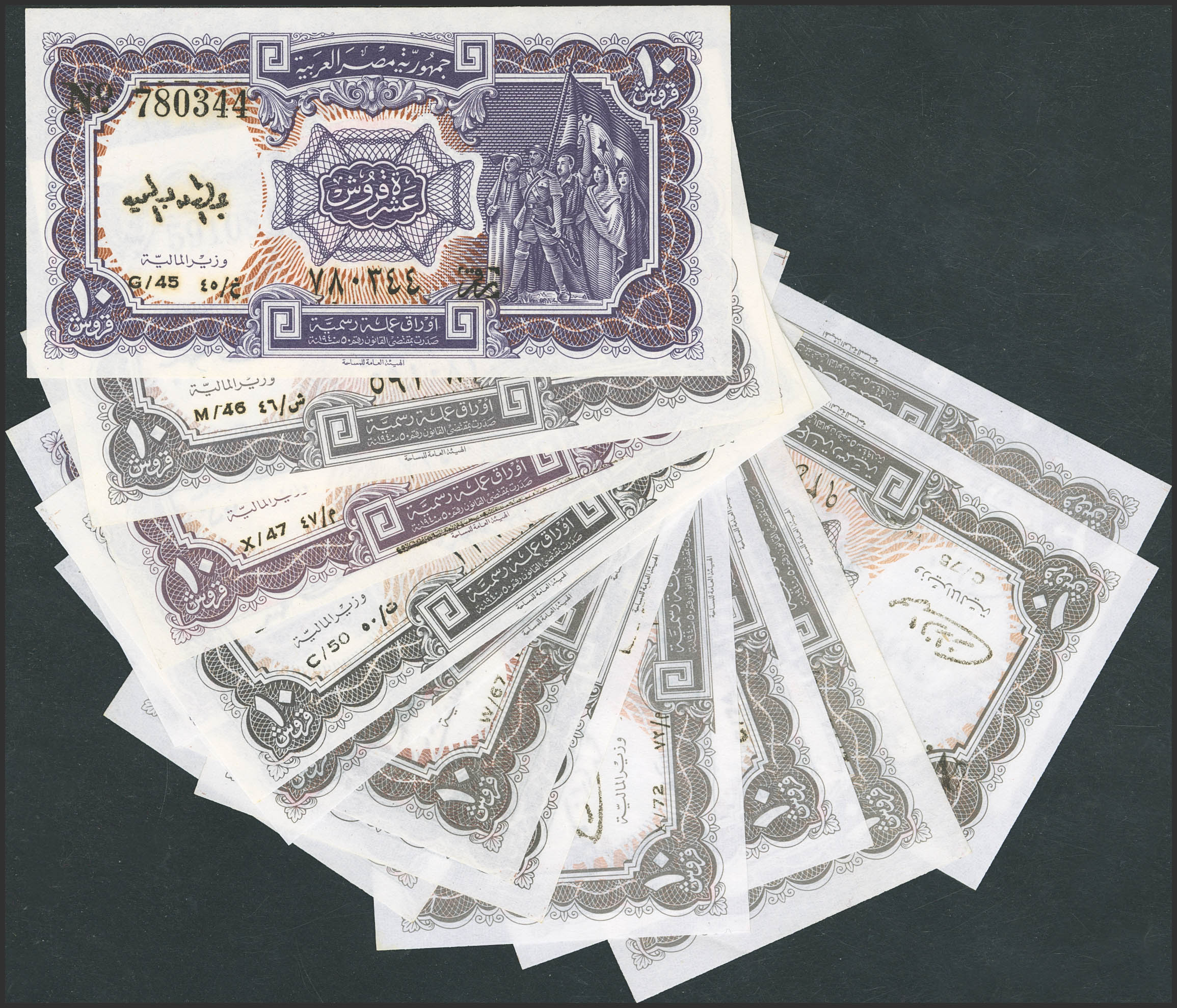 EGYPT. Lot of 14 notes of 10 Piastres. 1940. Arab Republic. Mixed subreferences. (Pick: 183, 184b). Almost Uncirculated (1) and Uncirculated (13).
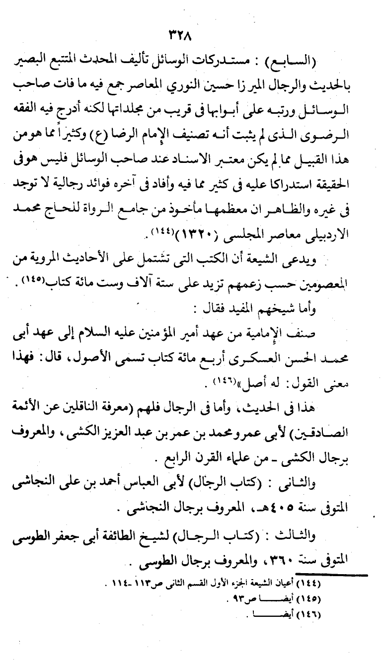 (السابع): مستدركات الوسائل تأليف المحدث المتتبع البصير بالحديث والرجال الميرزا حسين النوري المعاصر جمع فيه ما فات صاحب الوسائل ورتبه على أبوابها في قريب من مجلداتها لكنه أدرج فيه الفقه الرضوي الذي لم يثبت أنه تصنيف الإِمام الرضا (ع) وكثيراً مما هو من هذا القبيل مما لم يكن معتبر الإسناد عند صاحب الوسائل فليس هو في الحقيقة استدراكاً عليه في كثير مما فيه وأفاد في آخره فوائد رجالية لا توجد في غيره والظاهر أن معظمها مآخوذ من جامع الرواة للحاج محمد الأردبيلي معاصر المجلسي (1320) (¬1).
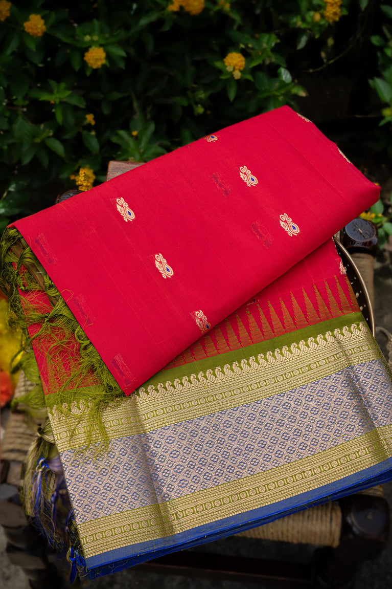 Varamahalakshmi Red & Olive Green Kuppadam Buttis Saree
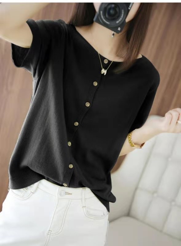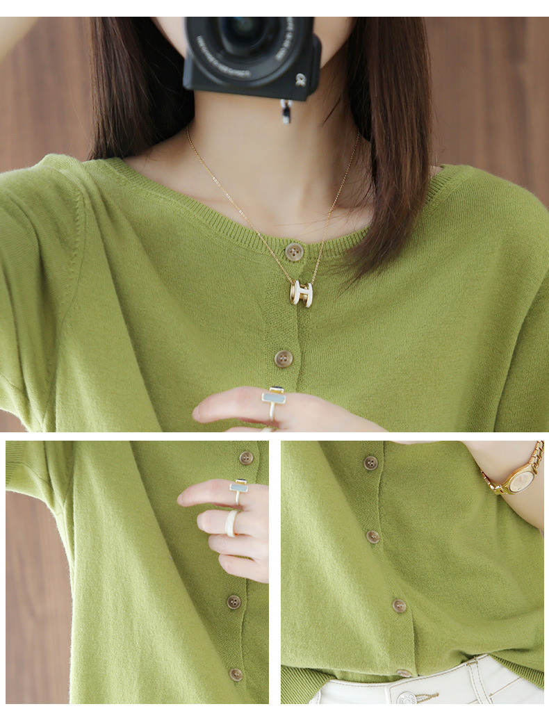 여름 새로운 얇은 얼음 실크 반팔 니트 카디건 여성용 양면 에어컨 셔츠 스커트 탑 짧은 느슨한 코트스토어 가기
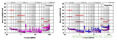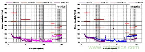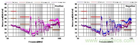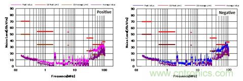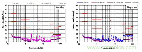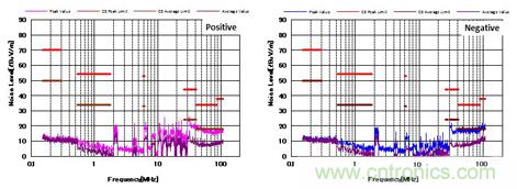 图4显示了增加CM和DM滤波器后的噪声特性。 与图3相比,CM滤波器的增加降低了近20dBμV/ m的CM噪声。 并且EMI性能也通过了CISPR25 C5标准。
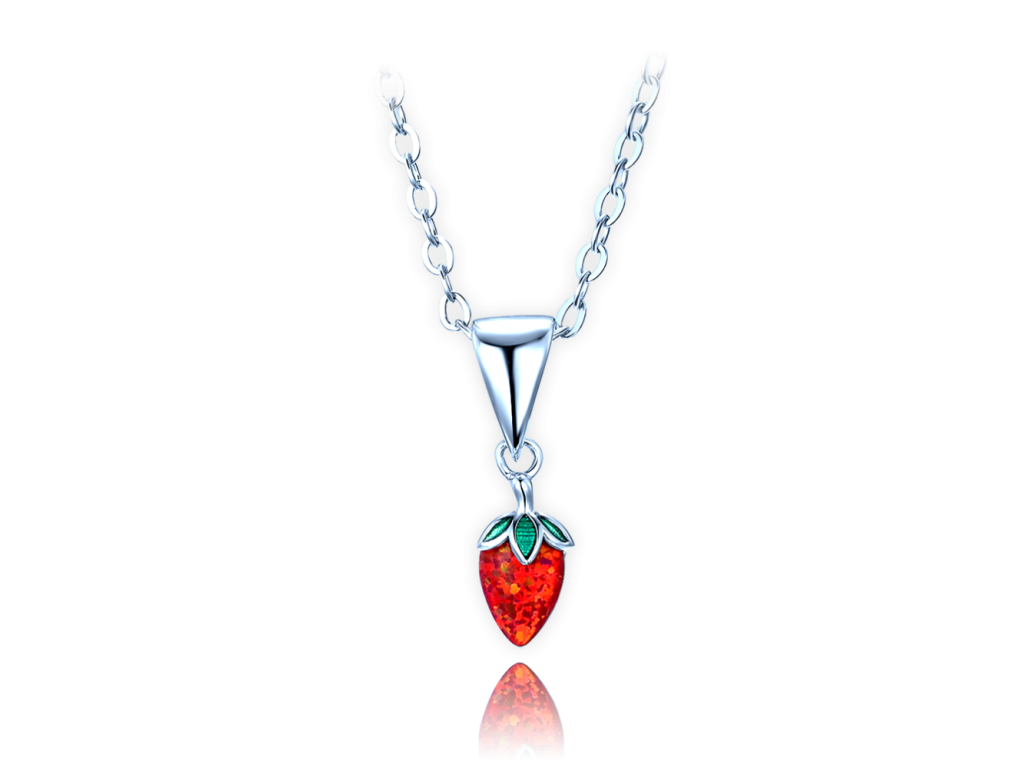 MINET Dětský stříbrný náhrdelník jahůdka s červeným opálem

* * *

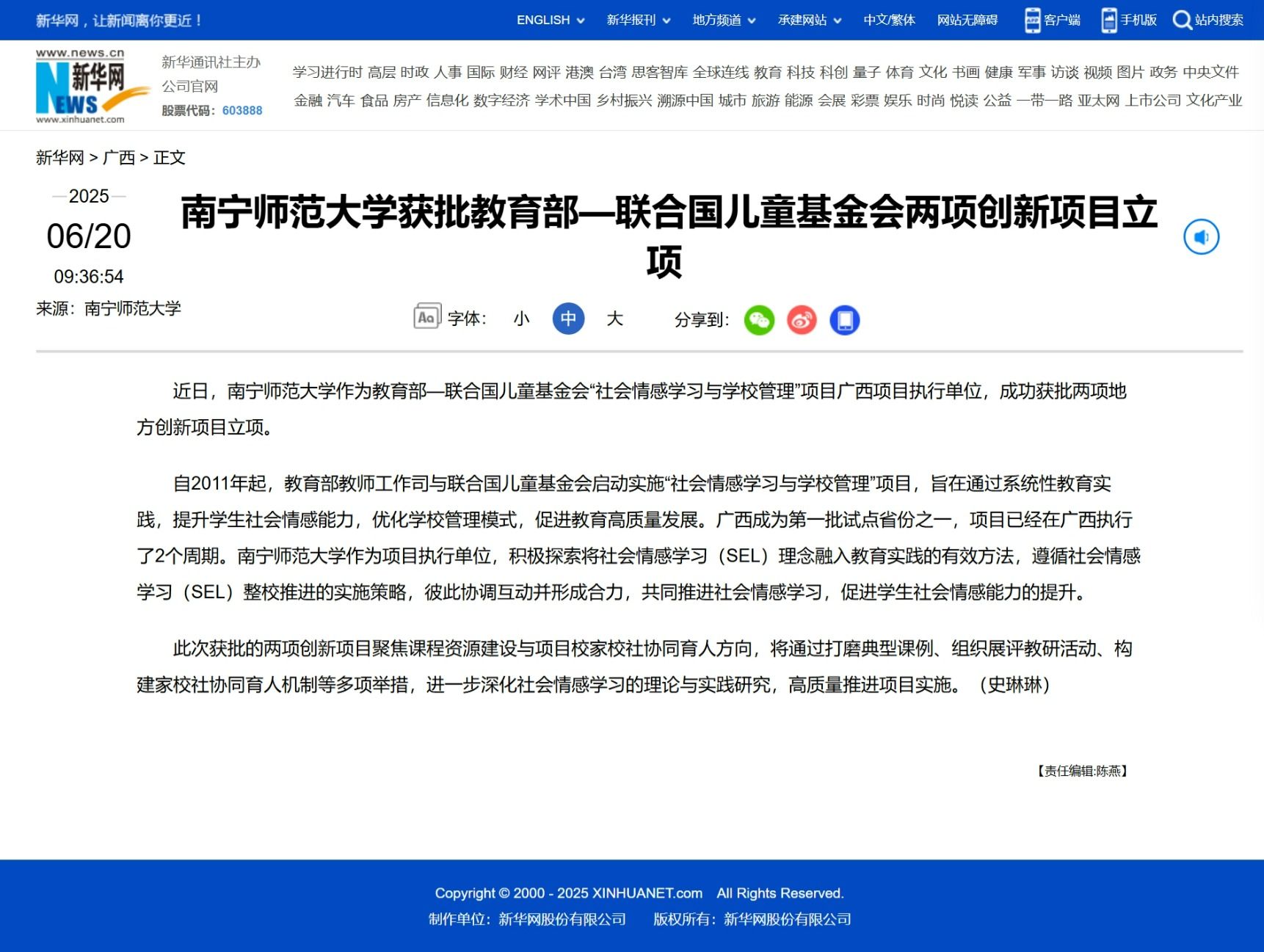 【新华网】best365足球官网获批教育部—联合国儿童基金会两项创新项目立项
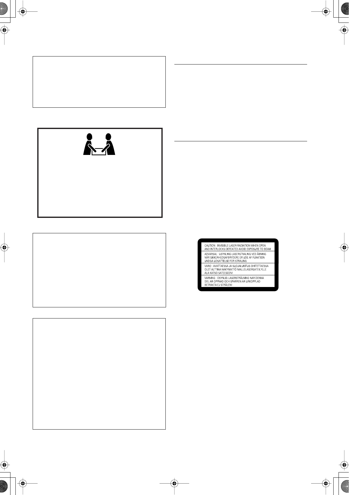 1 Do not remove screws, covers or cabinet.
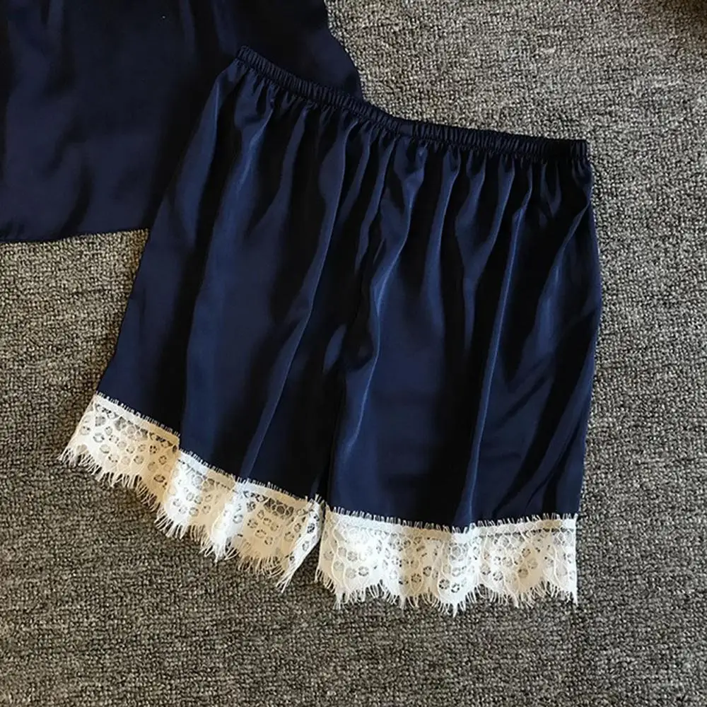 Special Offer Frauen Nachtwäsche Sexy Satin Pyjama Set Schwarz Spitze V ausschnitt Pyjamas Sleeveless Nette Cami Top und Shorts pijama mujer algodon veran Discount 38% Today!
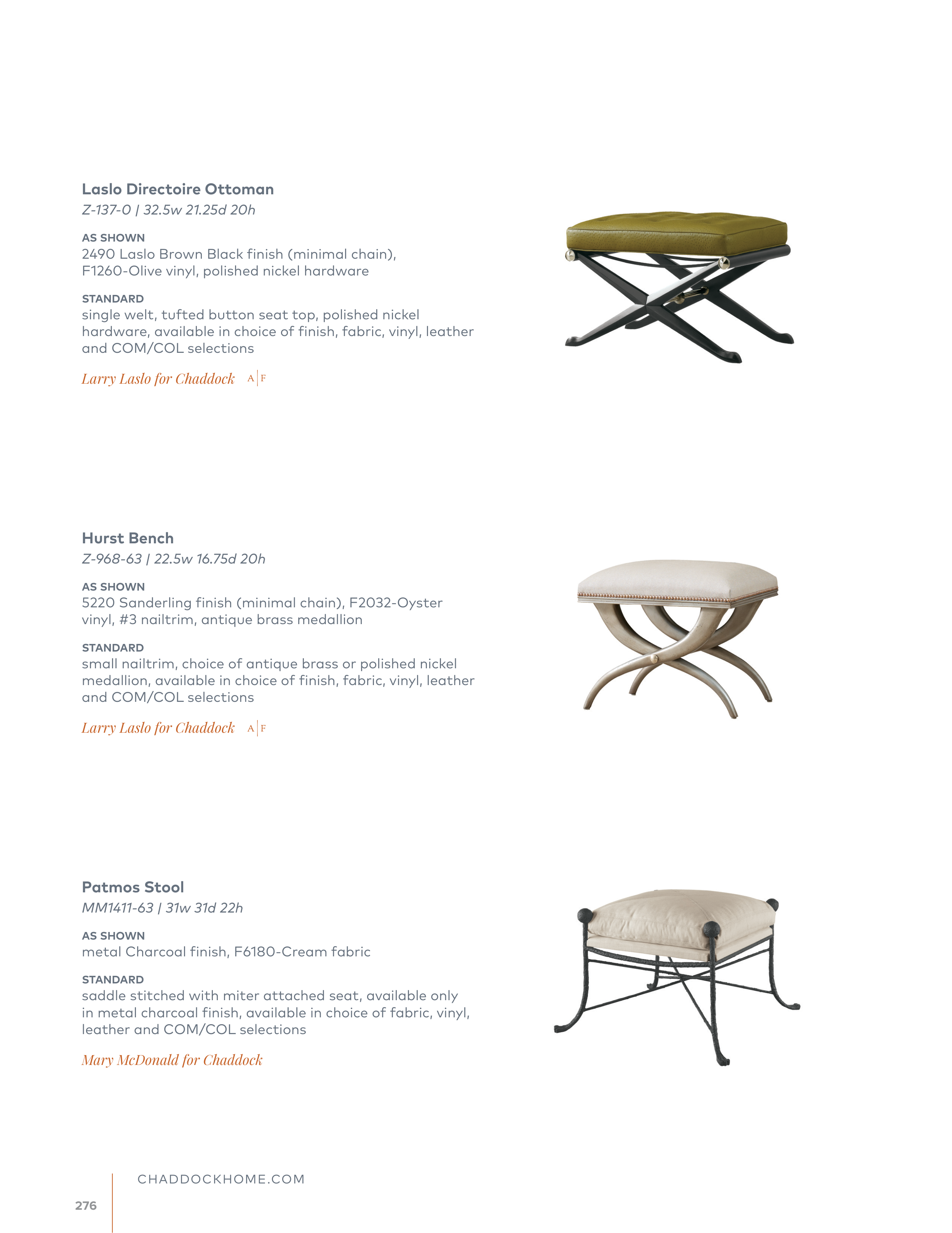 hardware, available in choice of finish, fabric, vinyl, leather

* * *

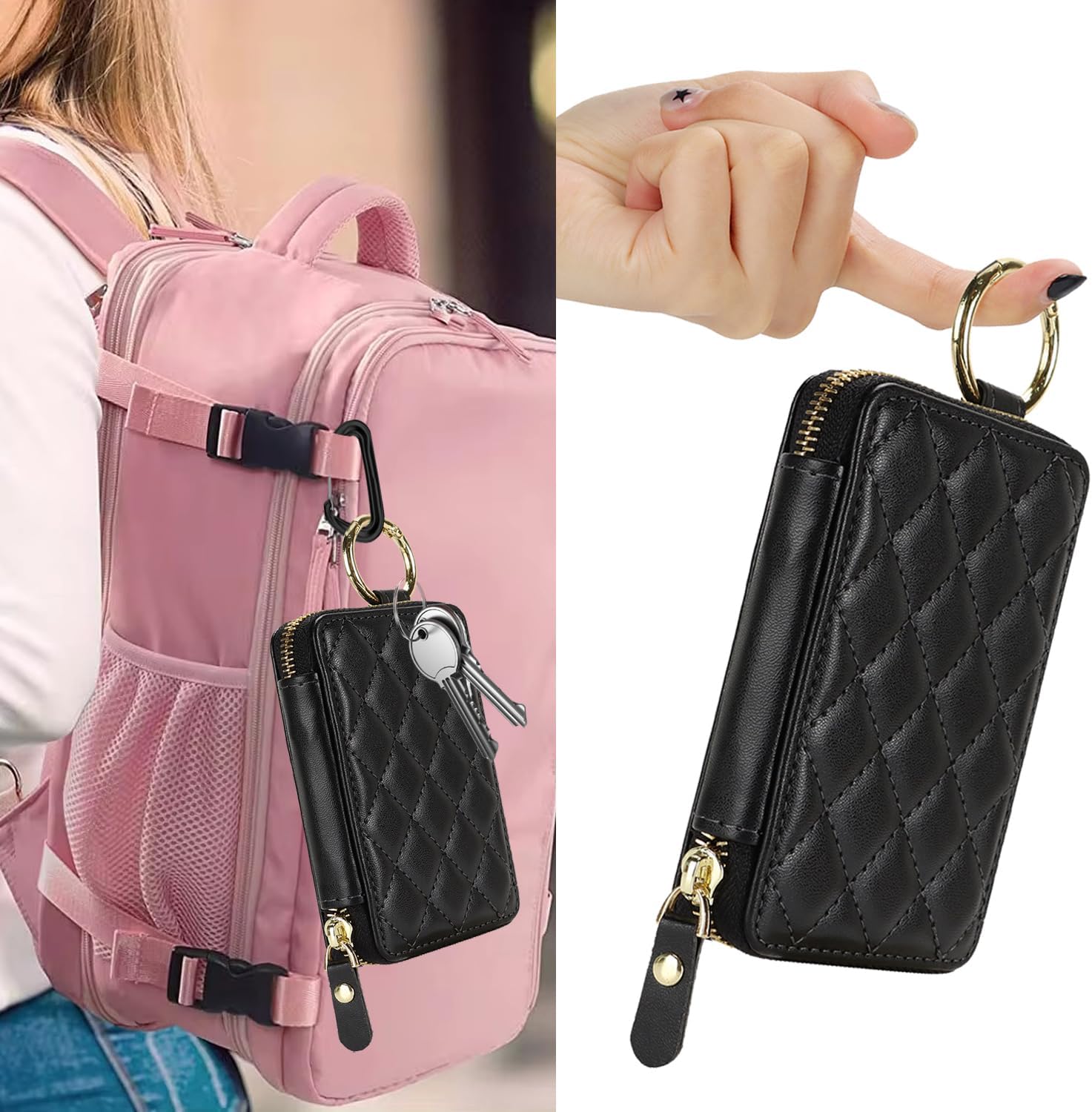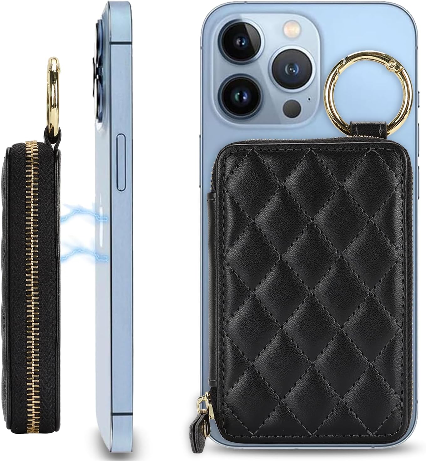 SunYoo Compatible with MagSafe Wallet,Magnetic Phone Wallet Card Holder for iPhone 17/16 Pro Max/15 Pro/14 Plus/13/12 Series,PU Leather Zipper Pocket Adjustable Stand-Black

▶ REQUIRED WORK
Copy word for word the lines of the records above from the one with "Special Offer Frauen" up to and including the one with "hardware, available in". Skip the pictures.

▶ RESULT
 Special Offer Frauen Nachtwäsche Sexy Satin Pyjama Set Schwarz Spitze V ausschnitt Pyjamas Sleeveless Nette Cami Top und Shorts pijama mujer algodon veran Discount 38% Today!
 hardware, available in choice of finish, fabric, vinyl, leather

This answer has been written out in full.